SHARON GEGGUS, a community midwife from Llanelli is home for the holidays after a three month battle with coronavirus.
Sharon began to feel unwell in September, experiencing shortness of breath and a high temperature.
As these symptoms persisted and her condition began to worsen, she was admitted to Prince Philip Hospital in Llanelli on 16 September, with a temperature of 41°C.During her stay, she credits the support of her family and the staff at Prince Philip Hospital for helping her get through the ordeal. Speaking of her experience in hospital, Sharon says: “I was sedated for about five weeks, but I was told that the staff were playing music for me. They had contacted my family to find out what my favourite songs were, and they would play those.

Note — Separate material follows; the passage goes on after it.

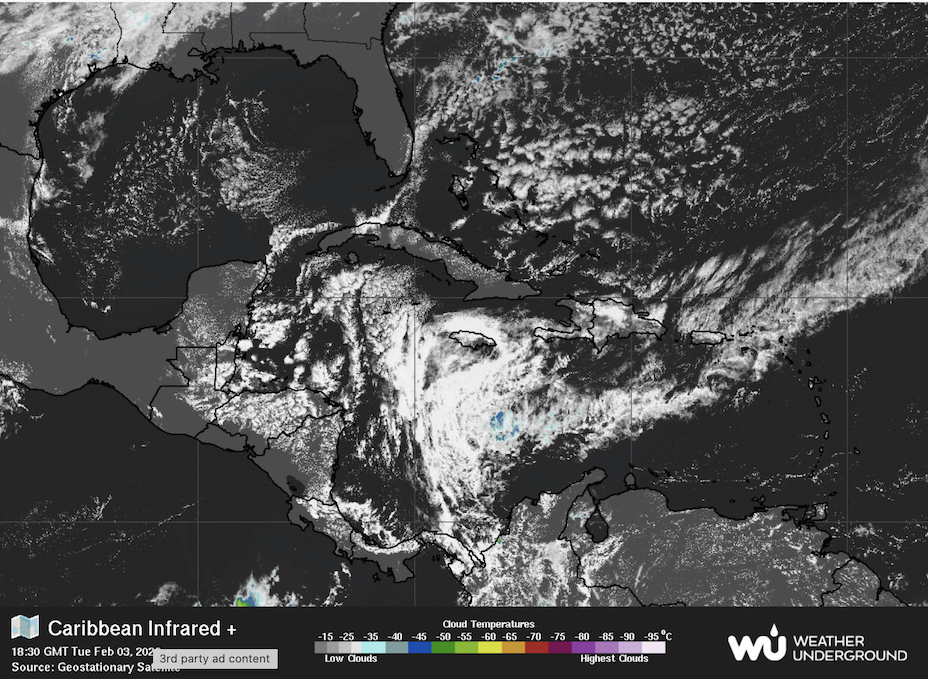 Cloudy skies with intermittent rain and occasional showers are expected through the next 36 hours as increasing moistures drifts over the western Caribbean, trailing the remnants of a frontal boundary. Some of these showers may become locally heavy at times, especially overnight. From late-Thursday, a less impactful front than our previous will drift across the northwest Caribbean, decreasing showery activity and bringing fresh to strong winds, rough seas and noticeably cooler temperatures.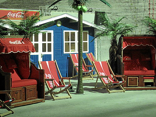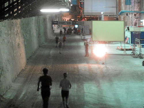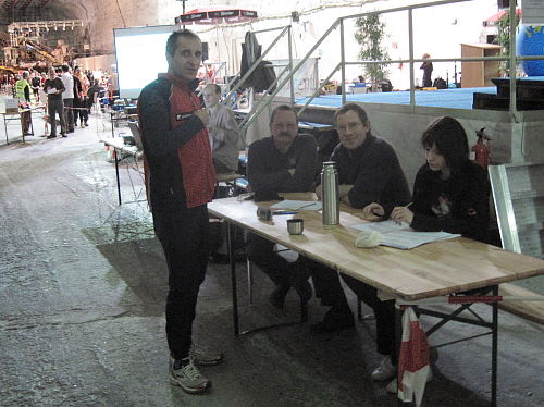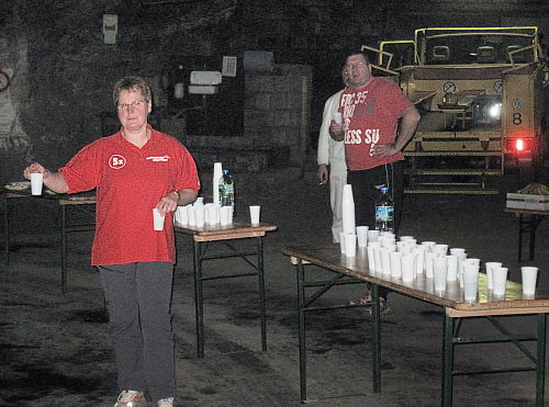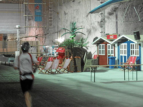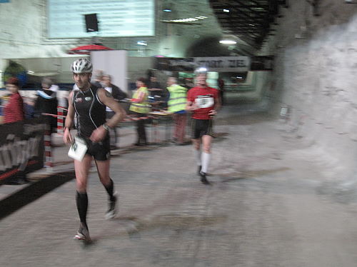 Zuvor aber kam noch der Wendepunkt und danach die ganz scharfe Rechtskurve, bei der man ein paar Meter abkürzen konnte. Jetzt nur noch bergab und schon sah man das grünleuchtende „Maul“ des „Großbunkers“. Hinein ohne Furcht, links weg und man lief die etwa 100 m in dieser großen Halle, vorbei an den Klettereinrichtungen, den Strandkörben und den elektronischen Rundenzählern. Unmittelbar danach konnte man seine Daten auf einer Projektionswand sehen - super gemacht! Man muss sich also keinerlei Sorgen machen, dass man eine Runde zuviel läuft, das wird alles exakt automatisch erfasst.

“It was really hard but the hardest times I didn’t really know about – my family were the people going through it. I can’t stress how well the staff looked after me. I used the iPads provided through the hospital to keep in contact with my family and the staff would also help me phone and communicate with my family.  
“The ITU staff and the staff on Ward 9 where I went for rehabilitation were amazing. I’m a community midwife myself and I would obviously treat someone how I wanted to be treated – but they really went above and beyond.
They would sit and chat with me when I was feeling down and they made sure I was in contact with my family all the time, even letting me hang up pictures of my family on my wall.”
Sharon was clapped out of the hospital on 10 December, 85 days after being admitted. Even though she is home, the road to recovery isn’t over.
She says: “There’s still a long way to go but I’m getting there. I can get around using a walking frame and only need oxygen when I’m really moving about. It’s so nice to be home, I think you just sort of relax a bit and move around more and just feel better for being back with your family.”
Reflecting on her experience, Sharon offered this advice to others with COVID-19: “Keep in touch with your family as much as you possibly can, it’s what got me through. I wouldn’t really know what else to say, just keep positive and keep in touch with your loved ones, that’s what really helps.”